Indian External Affairs Minister S. Jaishankar visited Tunisia and met with President Kais Saied on 22 January 2020. During the visit of the External Affairs Minister, both states signed MOU to establish India-Tunisia centre for innovation in information and communication technologies (ICT) in order to support business acceleration and enhance interactions on innovation and entrepreneurship ecosystems. Jaishankar met with the Tunisian Foreign Minister, Sabri Bachtobji to discuss on improving bilateral economic cooperation and working closely in multi-lateral forum. He also met the Speaker of the Assembly of Representatives, Rached Ghannouchi to undertake exchanges between the parliamentary institutions of both states.

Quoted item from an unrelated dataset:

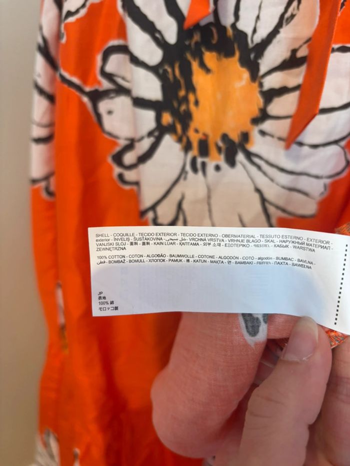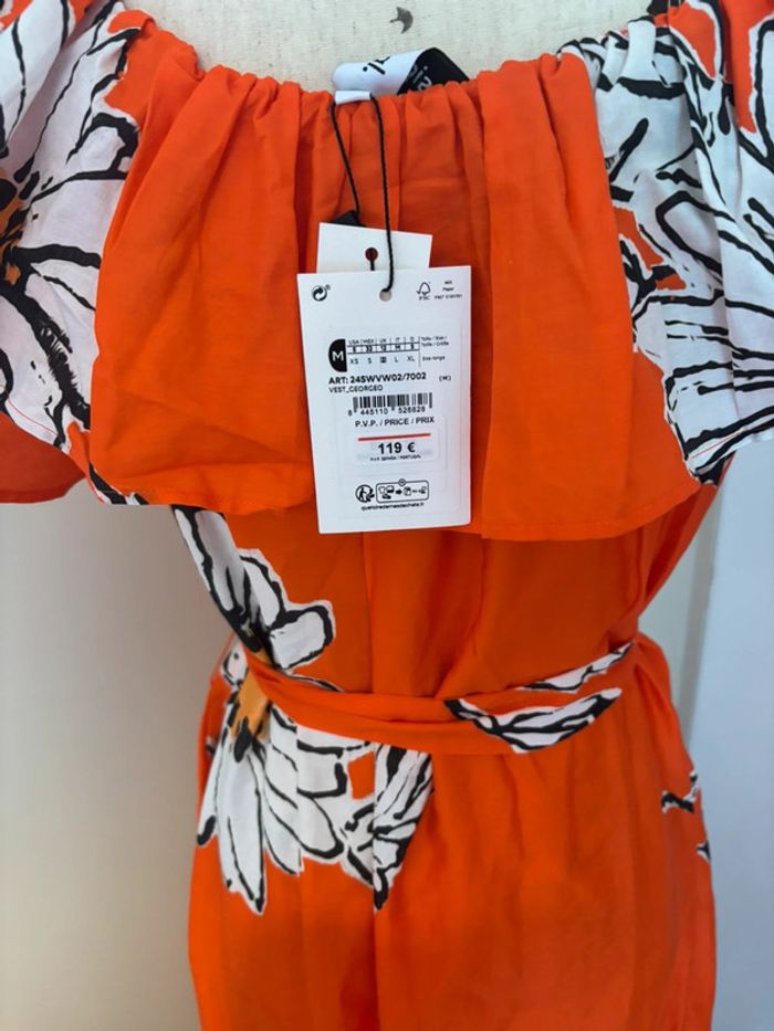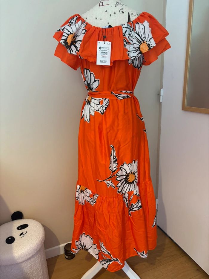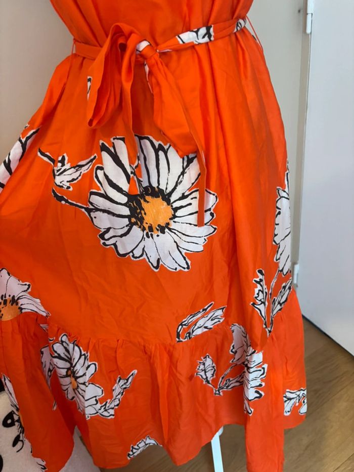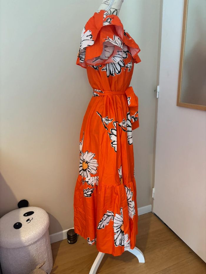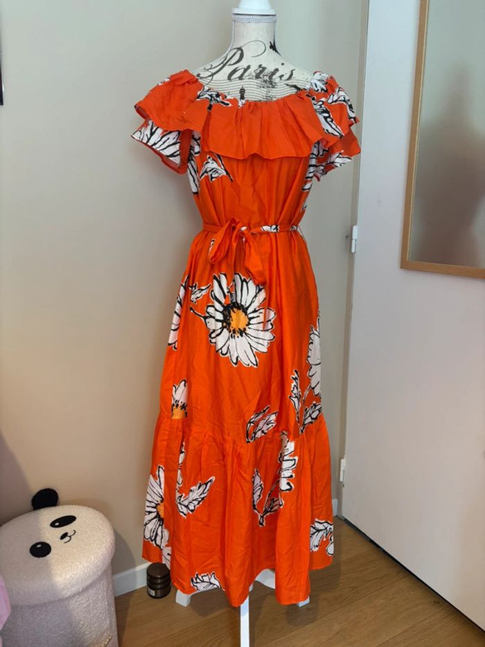 Neuve jamais portée avec étiquette d’achat. Superbe robe longue Desigual Orange à motifs fleurs marguerites Ceinture à nouer amovible À volants froufrous épaules dénudées Encolure bateau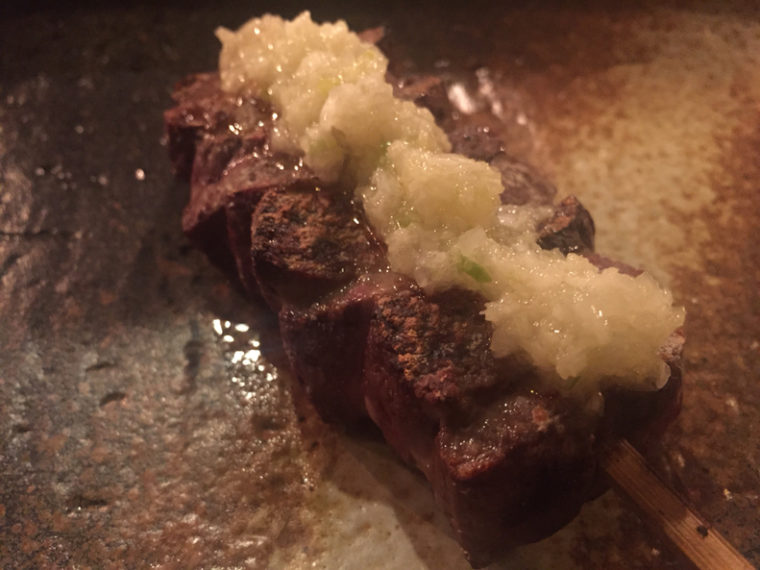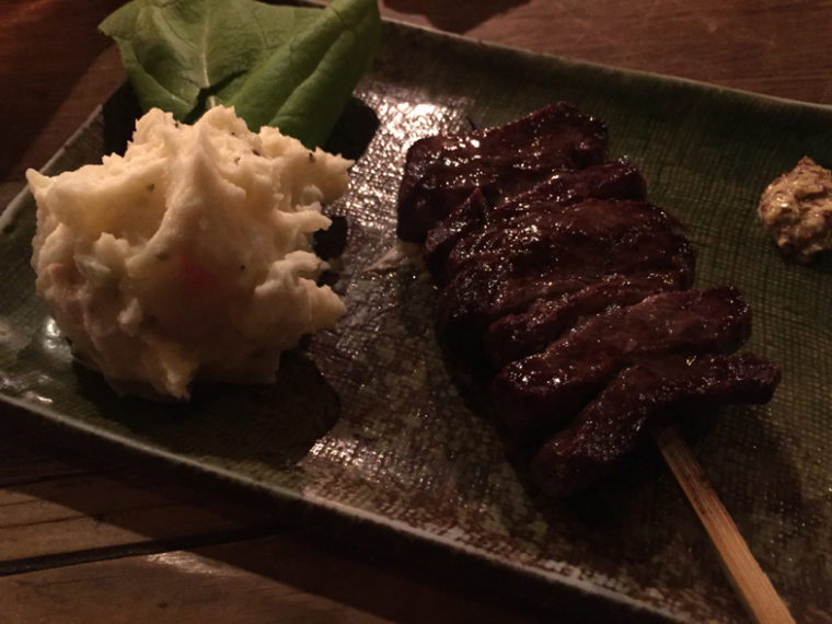 2015.04.13 夜 牛ハラミの串&牛ナンコツのカレーが絶品すぎる!@日南 居酒屋・定食 目黒・白金・五反田 5000円〜9999円 ★★★★★ 夜の五反田。近くのスタジオで仕事を片付け、夜飯の物色を開始。終了時間が読めない仕事の時は事前予約ができないので苦労します。しかも今日は金曜日。周辺の行ってみたいお店に片っ端から電話をかけます。 まず1件目。お二人ならOKですの回答。ちょっと拍子抜けしましたが、それがここ『日南』です。 店は少しわかりづらい。五反田らしい少し怪しい通りをキョロキョロしていると必ず客引きのお兄さんにつかまります。無視をきめ込みましたが、結局教えていただきました。お兄さん、ありがとうございます。寒い中ご苦労様です。 わかりづらいわけです。街頭があまりなく、地面には薄汚れた人工芝。お店はかなりの古さとディープな一角にありますから。 空いていたのは奇跡に近い。本当に2席のみ空いております。狭いカウンターに隙間なく席があり、テーブル席も満席なら、階段上の2階席まで満席だそうです。 店の古さと対照的に細かいポイントが洒落ている。例えば、店員さんの服。首元の小さいネクタイが共有の制服のようだ。 お通しのむかごのぬか漬けをつまみながら、さっそく注文させていただきます。 ■馬モツ煮込みトマトソースで煮込み、チーズとタバスコが合う。この味付けに馬肉の触感というのが新しい。確実に初めての食べものといえます。 ■牛ハラミ串焼きこれは絶品!!注文が必須のアイテムです。一人一本なのがもどかしい。周りはしっかり焼き、中はほんのりピンク色。適度な食感があり、口の中でずっと脂を放出します。溶けるな肉!と唱えそうになります。しかも、ポテトサラダときたもんだ。 ■牛レバ串焼きたっぷりのニンニクの香がそそります。焼き加減が香ばしさを提供してくれ、これも美味。 ■牛軟骨ハンバーグ馬肉も同様でしたが、洋のエッセンスを追加したメニューが存在。これもそのひとつ。深みのあるデミグラスソースでこれだけでも通じる。軟骨の食感もアクセントになって面白い。 ■卵かけ御飯八ヶ岳卵というらしいですが、標高1050mで育った希少価値のある卵だそうです。黄色が黄色じゃない。濃厚さと旨味がビジュアルから伝わります。天日干しというお米との相性も抜群で、鰹節と一気にいただきます。 ■牛ナンコツカレー欧風カレーな印象。味の深みは牛肉から贅沢なほどにじみ出ております。仕込みに2日間かけたカレーは、野菜の甘みと肉の深みで無敵なカレーに仕上がる。これも絶対注文してほしい。 ―日南03-3449-4425東京都品川区東五反田1-13-6https://tabelog.com/tokyo/A1316/A131603/13001650/

Trump’s Deal of the Century

The US President Donald Trump unveiled the political aspect of the Middle East Peace Plan called, ‘Peace to Prosperity’. The economic aspect of the plan was revealed by Senior Presidential Advisor, Jared Kushner in June 2019. The political aspect of the plan according to Donald Trump seeks achieve a realistic peace to improve the lives of Israelis and Palestinians. The plan has been widely criticized by being completely one-sided in favour of Israelis and ignoring the demands of the Palestinians. The plan presented a prospective map of the two states in which a non-contiguous Palestinians would be left with only 15 percent territory of mandate Palestine. It also entails that Jerusalem would remain as the undivided capital of Israel and Palestine is allowed to erect a capital in a small neighbourhood in East Jerusalem outside the present security barrier. It has allowed Israeli annexation of settlements in the West Bank as well as annexation of the Jordan valley. On the issue of refugees, Israel is not entitled to absorb any Palestinian refugees who were displaced by the Zionist expansion. It has however, allowed refugees to settle in the future Palestinian state as well as in Organisation of Islamic Cooperation (OIC) member states. Israel would continue to control the future Palestinian state’s airspace, sea routes and entry points.

The Palestinian leadership’s relations with the US have been highly strenuous after the US decision to recognize Jerusalem as the de facto capital of Israel in December 2017. The Palestinian Authority (PA) has refused to engage with the Trump administration and it rejected the plan out rightly.